FIG. 8D illustrates the digital content distribution system 104 and/or the persona classification system 106 providing the user interface 810 for selecting one or more aspects of a configuration of the overlap-agnostic machine learning model in the persona classification system 106. In particular, the user interface 810 can receive one or more user inputs (e.g., from an administrator) to select a baseline trait or a persona class. For example, the user interface 810 can receive a user input to browse, upload, or create a new persona class for assessment in the overlap-agnostic machine learning model (e.g., classifying target users as corresponding to the persona class).

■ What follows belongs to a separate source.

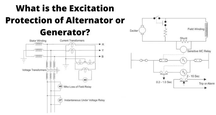 There are mainly two schemes available for protection against loss of field or excitation of a generator. In 1st scheme, we use an undercurrent relay connected in shunt with main field winding circuit. This relay will operate if the excitation current comes below its predetermined value. If the relay is to operate for complete loss of field along, it must have a setting lies well below the minimum excitation current value which can be 8% of the rated full load current. Again when loss of field occurs due to failure of exciter but not due to problem in the field circuit (field circuit remains intact) there will be an induced current at slip frequency in the field circuit. This situation makes the relay to pick up and drop off as per slip frequency of the induced current in the field. This problem can be overcome in the following manner.

FIG. 8E illustrates the digital content distribution system 104 and/or the persona classification system 106 providing the user interface 812 for selecting a baseline trait (e.g., persona class). In particular, the user interface 812 can receive one or more user inputs (e.g., from an administrator) to select a persona class associated with trait identifiers such as a trait ID, name, type, data source, etc. For example, the user interface 812 can receive user inputs to filter, sort, search, and compare persona classes among other suitable functions.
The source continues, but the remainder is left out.